Yoongis Anwesenheit erwies sich als echter Glücksfall. Nicht nur, dass sie dank ihm jemanden hatten, der sich um die Musik kümmerte. Er und Jimin hatten sehr schnell raus sich nonverbal abzustimmen, wann das Lied an welcher Stelle zu sein hatte. Er hatte auch eine sehr angenehme Art Kritik zu äußern, sachlich und wertfrei. Genau die richtige Mischung die Taehyung auch nach dem zwanzigsten Tadel nicht an die Decke gehen ließ.

Erschöpft aber glücklich ließ sich Taehyung auf dem Boden nieder, fiel auf den Rücken und streckte alle viere von sich. Lachend setzte Jimin sich dazu und leerte seine Flasche mit wenigen großen Schlucken.

„Von wegen, das wird nichts!“, rief Taehyung triumphierend in Yoongis Richtung und streckte die geballte Faust, als Zeichen des Triumphs, in die Luft.

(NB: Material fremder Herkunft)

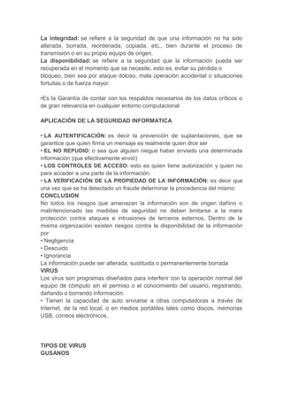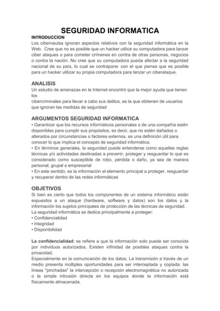 El documento habla sobre la seguridad informática y los riesgos que enfrentan los usuarios de internet. Explica que los hackers pueden usar las computadoras de otros para lanzar ataques cibernéticos o cometer crímenes, poniendo en riesgo la seguridad nacional. También describe varios tipos de malware como virus, gusanos, caballos de Troya, spyware y adware, y sus características. Finalmente, recomienda instalar software antivirus en todas las computadoras para prevenir y eliminar estas amenazas.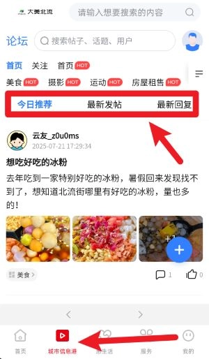 在城市信息港板块里,点击今日推荐、最新发帖、最新回复这几个选项,就能浏览本地网友分享的热门动态以及他们的交流内容啦。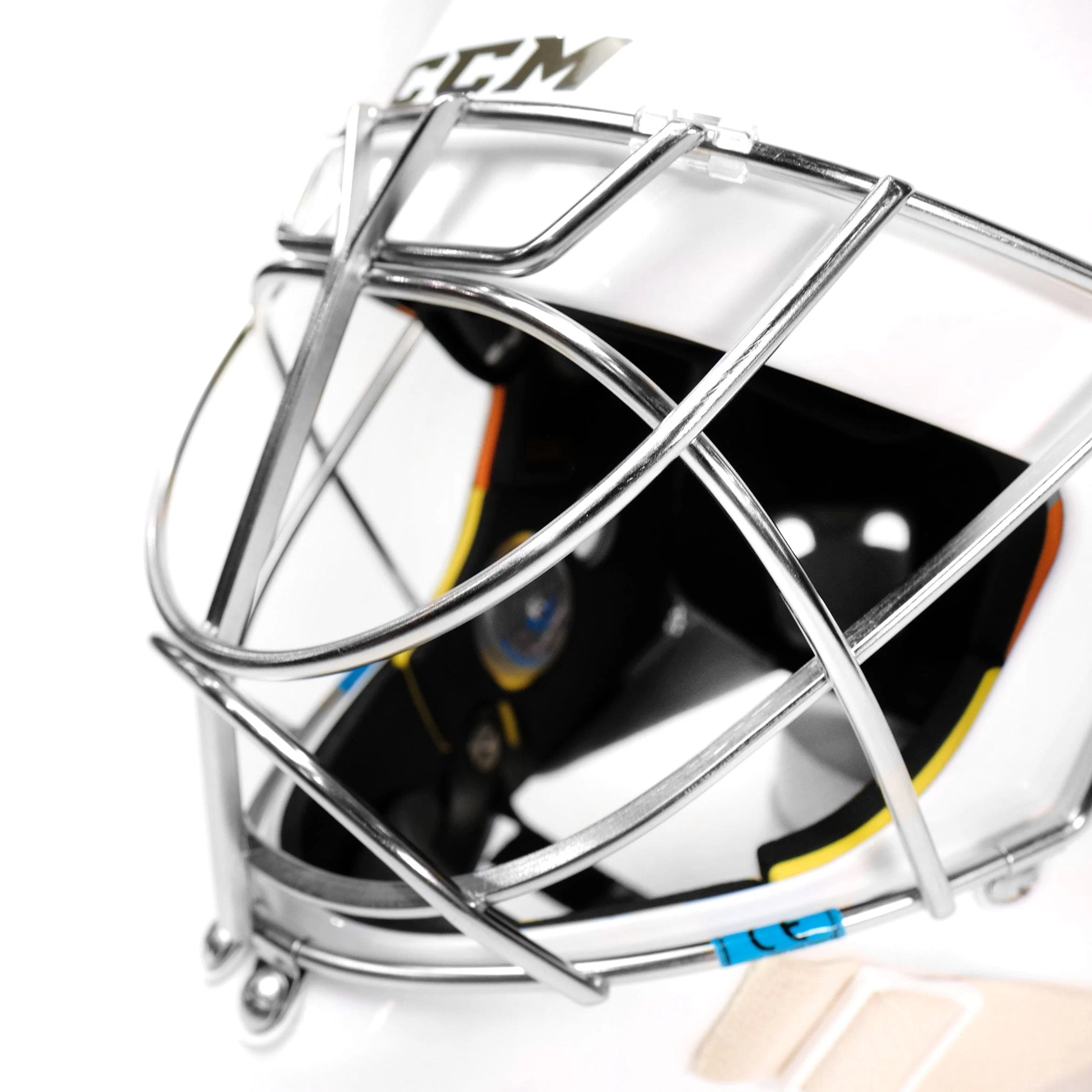 The chin cup in the CCM AXIS mask is a triple density foam with D30 technology to help with impact absorption and comfort.

Der Angesprochen lachte auf, bevor er antwortete: „Du warst doch selbst überzeugt, dass es nichts wird.“

„Nur weil du mich beeinflusst hast.“

„Wenn du dich so leicht beeinflussen lässt hast du dringendere Probleme als Tanzschritte.“

Mit einem Ruck saß Taehyung wieder aufrecht und funkelte Yoongi böse an. Der abrupte Stimmungswechsel verwirrte Jimin etwas.
„Nicht streiten. Es ist doch bis eben ganz gut gelaufen.“, versuchte Jimin die Wogen zu glätten, bevor ein Sturm aufzog. Hatte aber nur mäßigen Erfolg, die beiden funkelten sich weiter an und ignorierten ihn.

Sollten sie halt, wenn sie Spaß daran hatten. Mit einem Blick auf die Uhr sprang er munter auf und schnappte sich seine Tasche.
„Ich muss los. Tae, schreibe mir, wenn dein Muskelkater weg ist und wir die nächste Stunde machen könne. Bitte mit Wegbeschreibung.“

„Muskelkater?“, fragte Taehyung leicht geschockt nach. Er hatte wohl nicht daran gedacht, dass ungewohnte Belastungen von Muskeln meistens mit einer kleinen Rache selbiger einhergingen. Jimin lächelte ihm nur mitleidig zu, Yoongi konnte sich eine geräuschvollere Version nicht verkneifen, fing sich dafür wieder einen wütenden Blick von Taehyung.

„Warum willst du schon los? Verabredet?“, löcherte er auch schon weiter, als ihm wohl auch der Rest des Satzes aufgefallen war.

„Ich treffe mich noch mit einem Freund.“, antwortete Jimin artig und verzog leicht den Mund, als er an sein Treffen mit Hoseok dachte. Er hatte das Verhör seines Freundes bis heute hinauszögern können, aber nun war er fällig. Hoseok hatte schon die ganze Zeit darauf gebrannt endlich zu erfahren, wie es mit Taehyung weitergegangen war und ihn extra fürs Ausfragen zum Essen eingeladen. Da Jimin wusste, dass er eh nicht darum herum kam, hatte er zugesagt.